Ô Terre, ceux qui se souviennent de moi sont délivrés du péché ; purifiés, ils accomplissent là des actes tournés vers la délivrance du cycle des renaissances.

Frequently Asked Questions

The chapter frames liberation-oriented practice as disciplined engagement with a sacred landscape: purification through snāna and regulated observance, coupled with detachment (sarva-saṅga-parityāga) and sustained devotion. Philosophically, it presents a graded soteriology where actions performed at specific tīrthas within Kokāmukha produce moral purification, clarity in duty, and eventual access to Varāha/Vişṇu’s realm, emphasizing that hidden (guhya) places and forms require correct knowledge and conduct rather than mere abstract speculation.

No explicit tithi, nakṣatra, lunar month, or seasonal rite is specified. Timing is instead expressed through durational observances: ekarātra (one night), ahorātra (day-and-night), trirātra (three nights), pañcarātra (five nights), and saptarātra (seven nights), often paired with upoṣita (fasting/overnight restraint) and sometimes prātaḥkāla (morning) bathing.

By staging instruction as Varāha’s response to Pṛthivī’s inquiry, the text situates Earth as a moral and pedagogical partner. It treats rivers, falls, stones, trees, and lakes as ethically charged sites where human restraint (fasting, careful bathing, non-attachment) aligns personal conduct with terrestrial sanctity.
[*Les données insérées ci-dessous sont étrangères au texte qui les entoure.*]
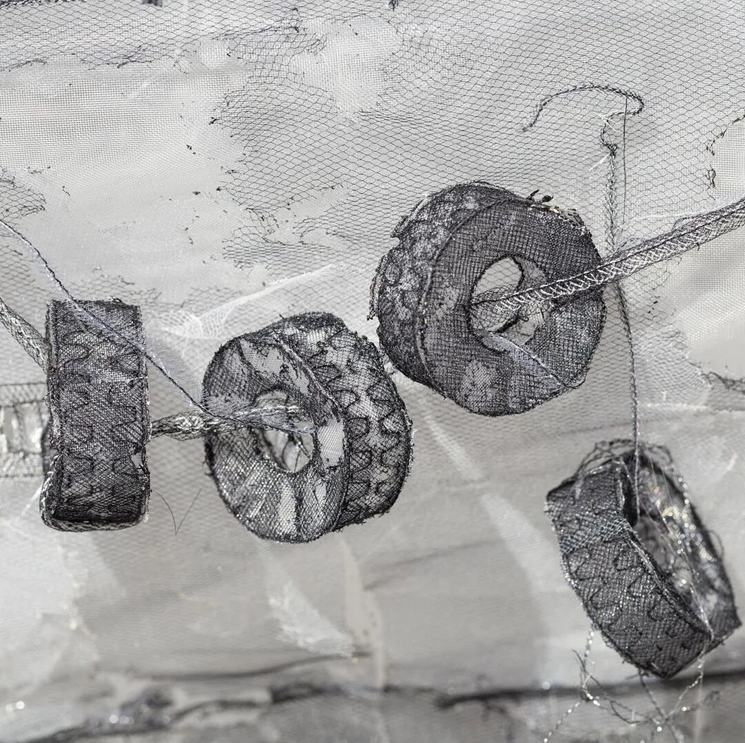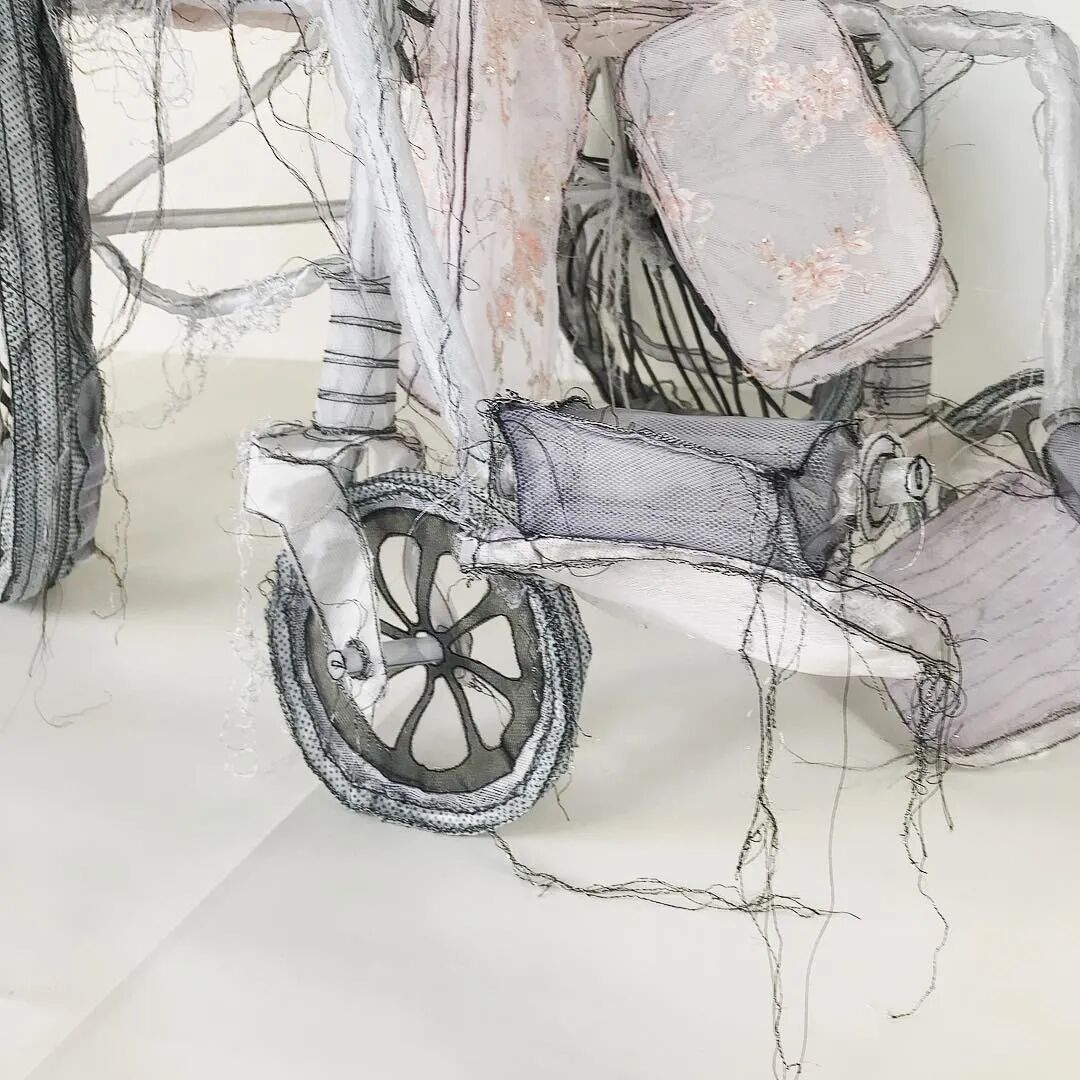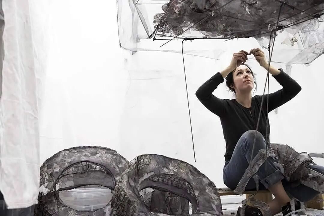 Jannick Deslauriers是一位来自加拿大蒙特利尔的纺织品艺术家,她通过对纺织品特性的深入研究,运用如蕾丝、薄纱、丝绸等轻薄的半透明织物,结合细铁丝、铝网等金属来进行梦幻而诗意的创作

The implied ecological ethic is that the landscape is not inert property but a living sacred system; correct behavior within it yields purification and social order, while knowledge of ‘guhya’ places encourages careful, non-exploitative engagement with the environment.

The chapter’s narrative is primarily the Varāha–Pṛthivī dialogue and does not foreground dynastic genealogies or named sages. It mentions broad social categories and cosmological populations (e.g., manuṣya, deva, siddha; also varṇa references such as vaiśya and śūdra in outcomes of practice), and it includes a brief reference to a ‘mleccha-rāja’ in connection with Lohārgala, but no detailed lineage lists or royal chronologies are provided.